▶ _What you will do_:
What are the lines from the one with "- Braided leather" through the end of the records below, written out exactly and without the pictures?

▶ _Extracted entries_:
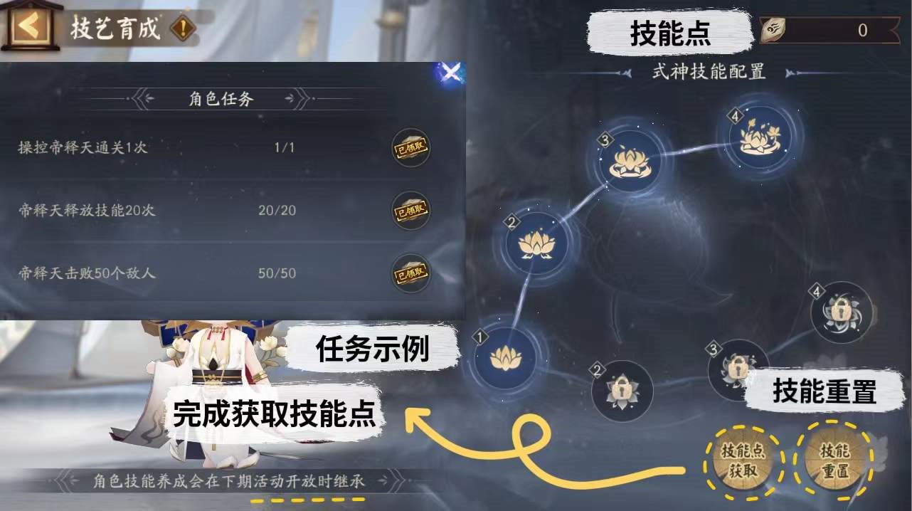 3. 技能点可随时重置,并且会继承到下期活动。如果购买了鬼王酒吞童子,下期活动可继续使用。
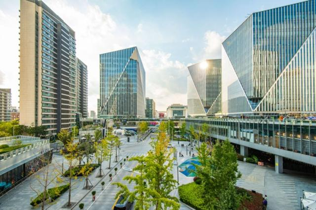 穿过晶耀前滩横亘于钱家桥路的连廊,即可抵达前滩四方城。同样,通过连廊串起来,形成多层次、多路径、多体验的慢行系统。
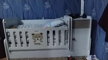 - Uşaq beşiyi – ağ rəngdə, ön tərəfdə “teddy” fiqurlu, yan tərəfində komod/çekmece və qapalı dolab bölməsi.
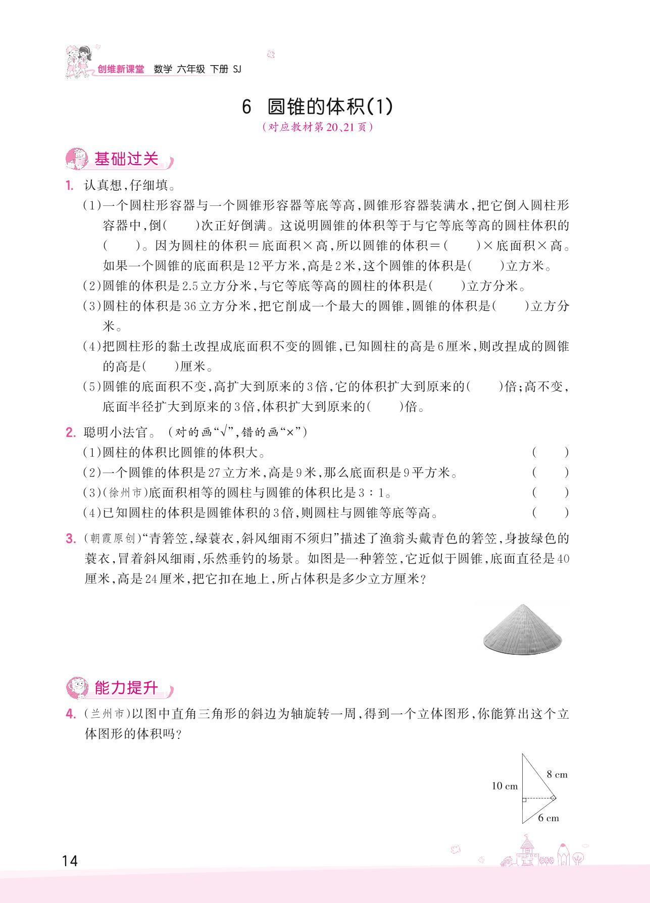 2022下册六年级数学苏教版 二 圆柱和圆锥——6 圆锥的体积(1)
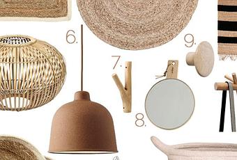 1. Servilletas Sunshine de Himla, 2. Mantel individual Emil de Dixie, 3. Alfombra redonda de yute de Dixie, 4. Alfombra de yute Felix de Dixie, 5. Pantalla de lámpara Zep de Broste Copenhagen, 6. Lámpara de techo colgante Grain de Muuto, 7. Gancho de madera de Bloomingville, 8. Espejo Ping Pong de OYOY, 9. Colgador de pared The Dots de Muuto, 10. Percheros Sticks de Normann Copenhangen, 11. 3 Cestas para pan Emil de Dixie, 12. Cepillo limpiavajilla Vardag de Iris hantverk, 13. Jabón artesanal con cuerda de Iris hantverk, 14. Cesta Eleonora de Boel & Jan.
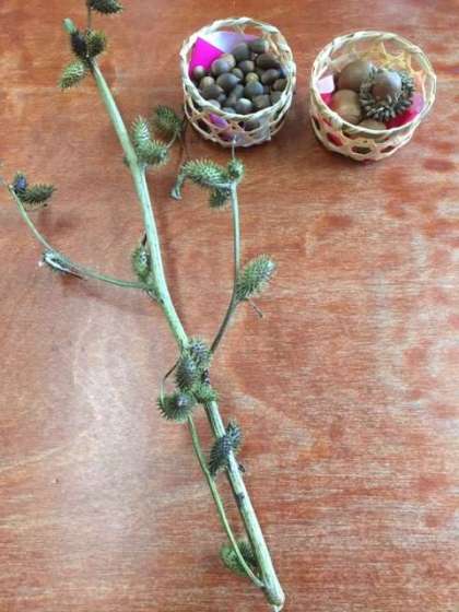 都会では滅多に見なくなった秋の木の実。どんぐりと合わせて、秋をあじわいました。
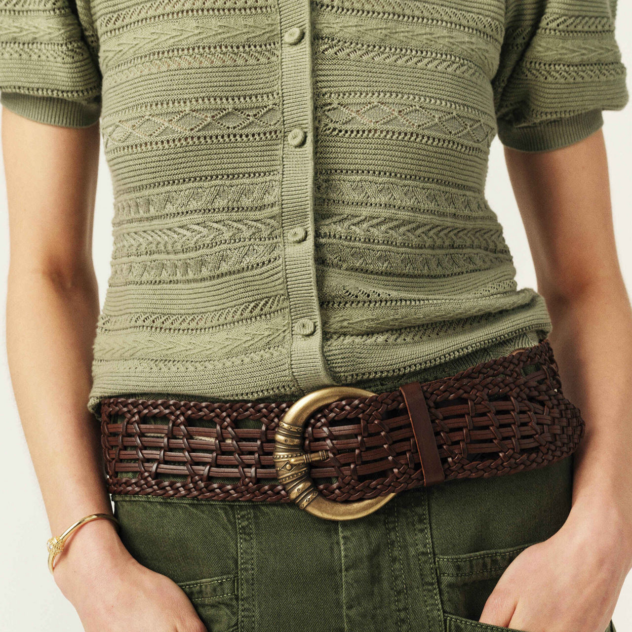 - Braided leather design, metal buckle signed ba&sh
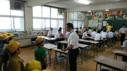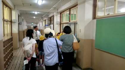 真田山小学校2年生の皆さんが「校区たんけん」で高津中に来てくれました。教頭先生の案内で、校舎1階を「たんけん」します。小2の皆さんは、教頭先生のお話しを熱心に聞き、とっても良い子たちでした。

▶ _Written solution_:
 - Braided leather design, metal buckle signed ba&sh
 真田山小学校2年生の皆さんが「校区たんけん」で高津中に来てくれました。教頭先生の案内で、校舎1階を「たんけん」します。小2の皆さんは、教頭先生のお話しを熱心に聞き、とっても良い子たちでした。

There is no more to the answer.